**Problem to work on:** Reproduce exactly the lines below, from the first one through the line containing "Full Oral Coverage", and omit any pictures.

**Records supplied:**
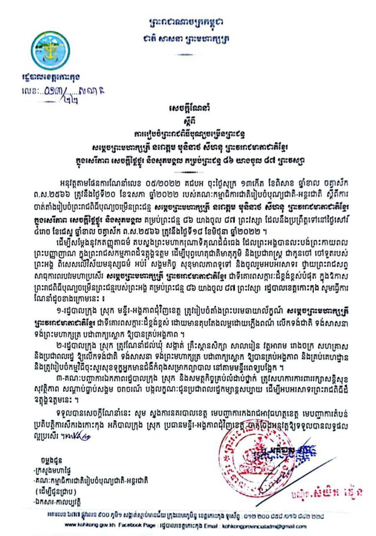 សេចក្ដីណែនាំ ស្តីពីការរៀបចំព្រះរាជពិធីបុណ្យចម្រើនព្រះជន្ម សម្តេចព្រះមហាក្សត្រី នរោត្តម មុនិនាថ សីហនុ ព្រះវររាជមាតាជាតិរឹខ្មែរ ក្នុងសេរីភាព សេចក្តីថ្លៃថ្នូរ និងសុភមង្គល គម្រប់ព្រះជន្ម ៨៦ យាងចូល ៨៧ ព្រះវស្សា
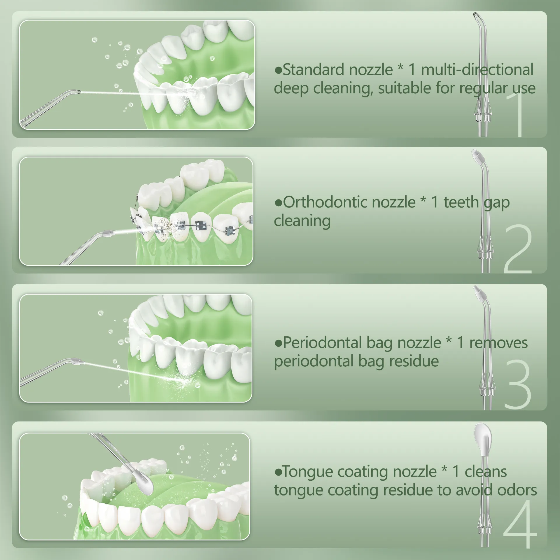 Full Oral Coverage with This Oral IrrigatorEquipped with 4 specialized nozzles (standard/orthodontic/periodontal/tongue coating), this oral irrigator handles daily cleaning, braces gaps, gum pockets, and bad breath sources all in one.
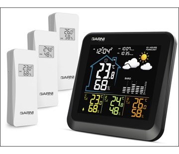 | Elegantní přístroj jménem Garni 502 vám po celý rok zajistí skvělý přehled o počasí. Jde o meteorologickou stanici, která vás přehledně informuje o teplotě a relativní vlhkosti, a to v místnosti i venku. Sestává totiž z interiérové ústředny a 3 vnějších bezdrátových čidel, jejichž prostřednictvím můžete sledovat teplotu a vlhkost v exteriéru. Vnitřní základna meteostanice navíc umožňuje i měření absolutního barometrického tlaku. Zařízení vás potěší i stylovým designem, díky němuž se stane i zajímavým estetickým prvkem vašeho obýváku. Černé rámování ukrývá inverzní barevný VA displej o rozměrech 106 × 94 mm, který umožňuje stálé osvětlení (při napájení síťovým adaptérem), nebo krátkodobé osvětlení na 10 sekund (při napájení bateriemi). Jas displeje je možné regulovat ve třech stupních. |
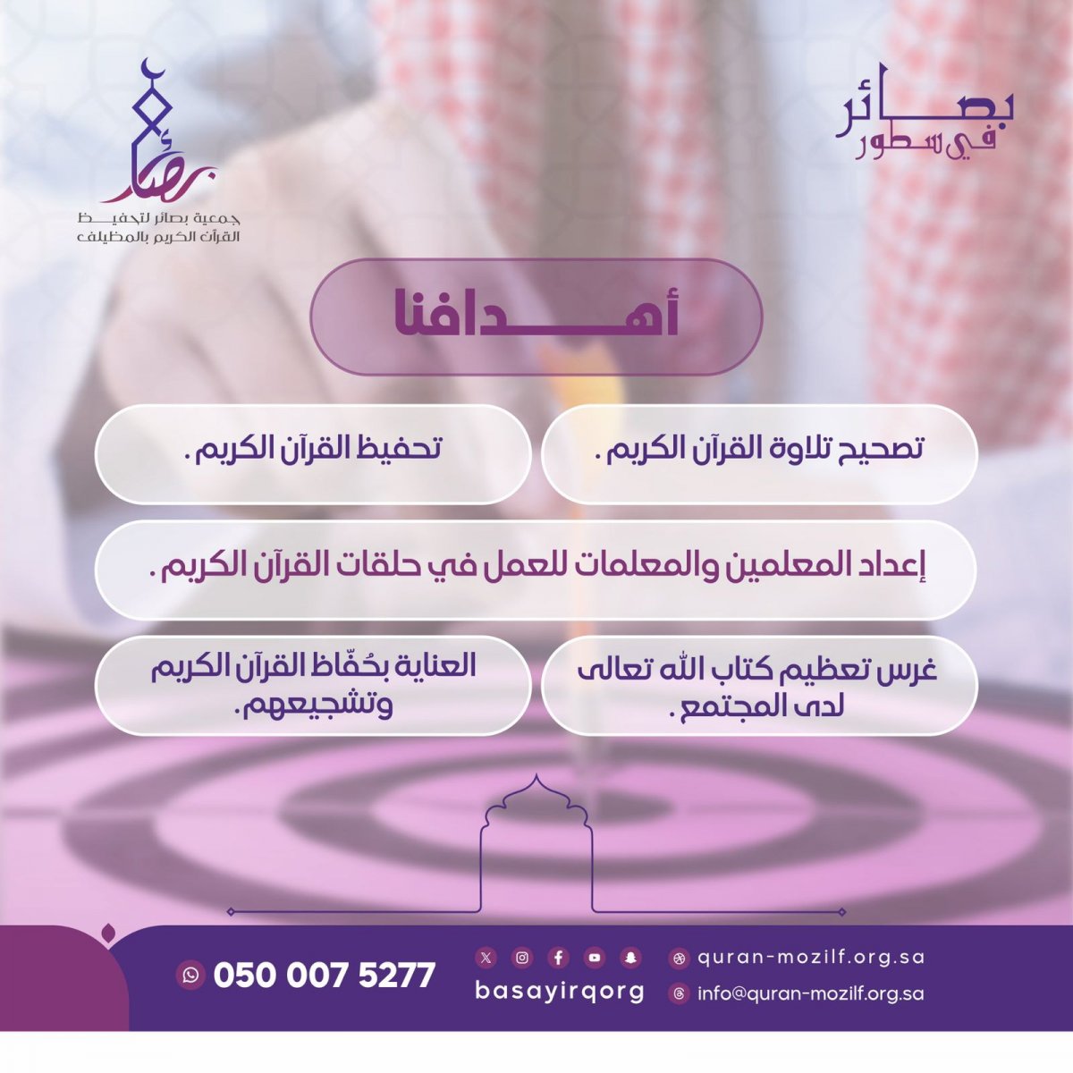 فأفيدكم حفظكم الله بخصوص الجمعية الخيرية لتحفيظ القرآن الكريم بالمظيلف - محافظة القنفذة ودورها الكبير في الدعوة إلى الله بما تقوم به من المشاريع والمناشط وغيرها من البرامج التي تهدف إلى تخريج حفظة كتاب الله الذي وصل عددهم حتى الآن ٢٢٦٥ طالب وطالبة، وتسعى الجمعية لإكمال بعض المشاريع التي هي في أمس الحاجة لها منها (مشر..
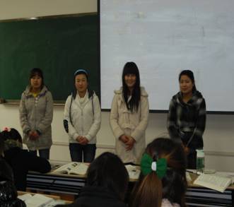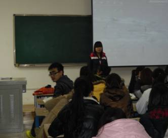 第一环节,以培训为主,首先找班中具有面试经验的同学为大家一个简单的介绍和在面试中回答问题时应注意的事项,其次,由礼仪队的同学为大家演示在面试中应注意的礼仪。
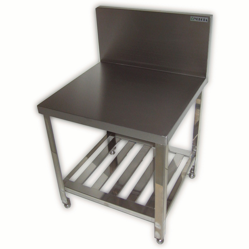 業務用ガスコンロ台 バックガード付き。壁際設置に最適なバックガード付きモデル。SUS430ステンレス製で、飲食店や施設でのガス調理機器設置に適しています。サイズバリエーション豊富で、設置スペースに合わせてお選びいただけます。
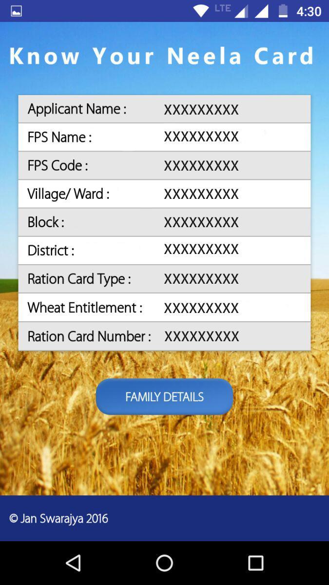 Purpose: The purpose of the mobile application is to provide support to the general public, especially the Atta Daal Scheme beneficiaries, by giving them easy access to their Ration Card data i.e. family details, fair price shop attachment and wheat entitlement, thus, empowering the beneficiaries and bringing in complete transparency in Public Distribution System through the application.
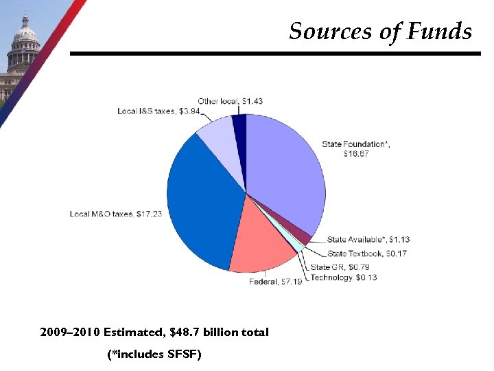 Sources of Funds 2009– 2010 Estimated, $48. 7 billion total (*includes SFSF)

**Solution to this problem:**
 សេចក្ដីណែនាំ ស្តីពីការរៀបចំព្រះរាជពិធីបុណ្យចម្រើនព្រះជន្ម សម្តេចព្រះមហាក្សត្រី នរោត្តម មុនិនាថ សីហនុ ព្រះវររាជមាតាជាតិរឹខ្មែរ ក្នុងសេរីភាព សេចក្តីថ្លៃថ្នូរ និងសុភមង្គល គម្រប់ព្រះជន្ម ៨៦ យាងចូល ៨៧ ព្រះវស្សា
 Full Oral Coverage with This Oral IrrigatorEquipped with 4 specialized nozzles (standard/orthodontic/periodontal/tongue coating), this oral irrigator handles daily cleaning, braces gaps, gum pockets, and bad breath sources all in one.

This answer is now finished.